In his Commons speech on Wednesday, which has been panned even by his friends for being partisan and self-serving, Gordon Brown had one of the best lines mocking the police.
This is what the former prime minister told MPs about the conduct of Assistant Commissioner John Yates after the Guardian revealed in July 2009 that News International had paid more than £1m to victims of phone hacking:
Already, in August 2009, Assistant Commissioner Yates of Scotland Yard had taken only eight hours – less time, I may say, than he spent dining with the people he should have been investigating – to reject pre-emptively a further police inquiry.
This contrasts with the zeal with which Yates and his team carried out their investigation five years ago into allegations that Labour offered peerages in return for loans to the party. Sarah Helm, the wife of Tony Blair's former chief of staff Jonathan Powell, accused the police of "gestapo tactics" when they carried out a dawn raid on the Downing Street adviser Ruth Turner.
This is what Helm wrote in the Observer in July 2007:
Yates's officers had recently turned up at some unearthly hour at the home of Jonathan's colleague, Ruth Turner. As if she were some street criminal, ready to scarper, Ruth's home was swooped upon by Yates's men and she was forced to dress in the presence of a female police officer. Her house was searched from top to bottom, computers removed, and she was driven off to a police station. And then there was a tip-off to the press.

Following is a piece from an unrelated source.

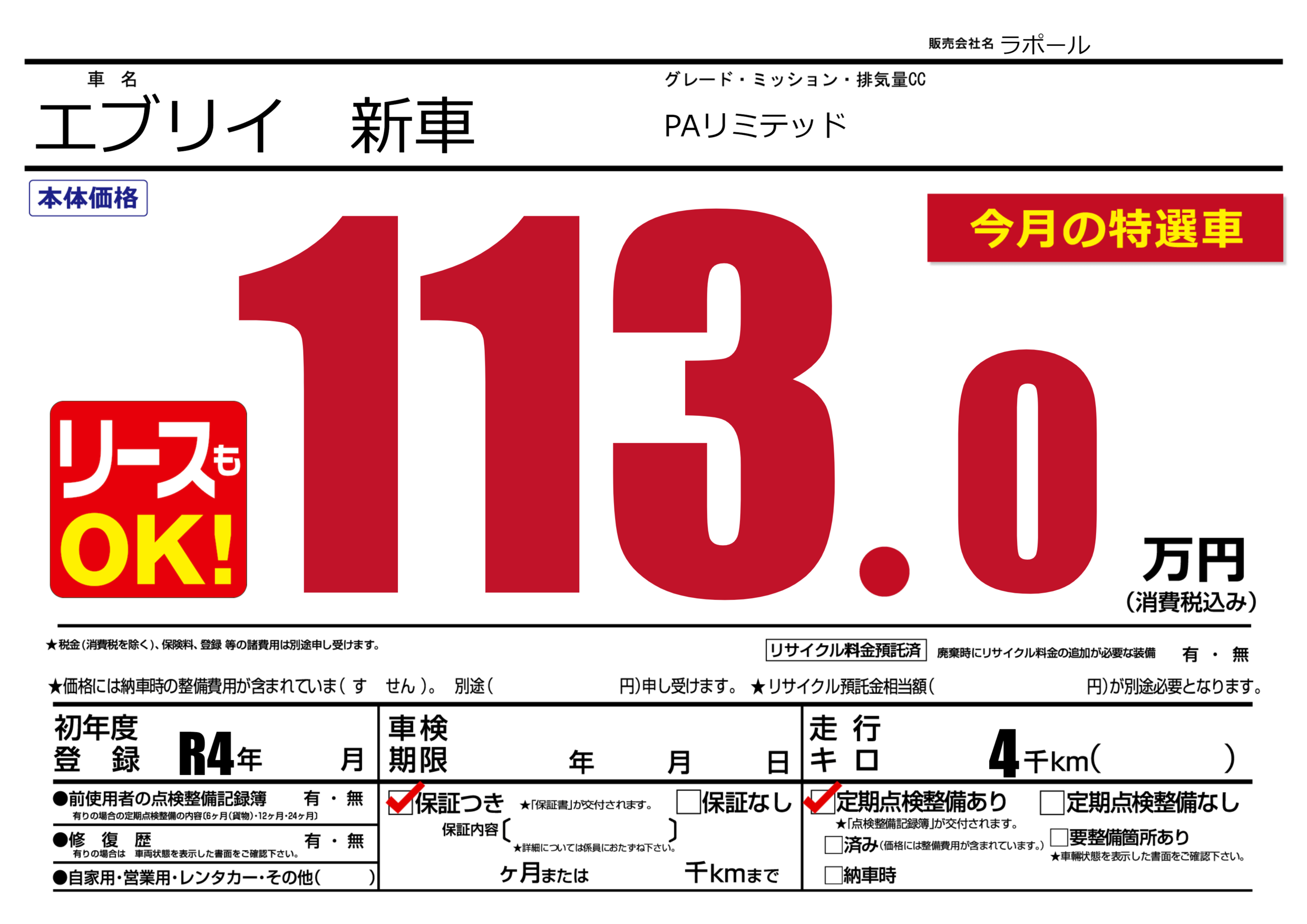 | 車名 | エブリイ 新車 | グレード ミッション 排気量 |
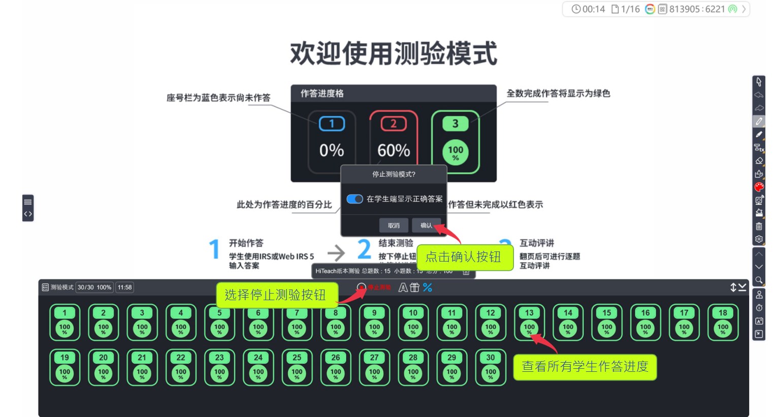 老師端的HiTeach上可以查看學生作答的進度,所有學生作答完成或到達停止作答時間時,點選停止測驗鈕,出現(xiàn)提示視窗后,點選確認鈕。系統(tǒng)會提示試卷包含主觀題,需以交換改或者由老師在線批閱給分后,才能計算完整成績,學生課后也才能檢視與復習。此外,老師也可以決定停止測驗后學生端是否要顯示批改的答案。

I know one shouldn't make these comparisons, but I was writing about Nazi Germany right then, and I couldn't help think: Gestapo tactics! Pick on the vulnerable, preferably a single woman, living alone. No matter that you may have nothing on her that will ultimately stand up in court, give her a scare.
The lengthy investigation by Yates and his team ended after the Crown Prosecution Service decided not to press charges. But those familiar with the inquiry say that Yates pursued the investigation with such vigour because he thought it had echoes of Watergate.
One veteran observer of the Westminster scene, who is no fan of Labour, told me of a meeting with Yates:
I remember going to see John Yates early on during the cash-for-honours investigation. We discussed All the President's Men [the book by the Washington Post journalists Bob Woodward and Carl Bernstein who broke the Watergate story.] Yates was very struck by the comparison – he really did think there were echoes of Watergate.
Unlike Watergate, no charges were laid against anyone in Downing Street and Tony Blair was not forced to resign and fly home on Marine One.
The only comparison was a break-in. The Watergate scandal started with the famous burglary at the Watergate complex. The cash-for-honours investigation reached a high – or a low depending on your view – when police swooped on a young woman in the early hours. They did, of course, have a warrant.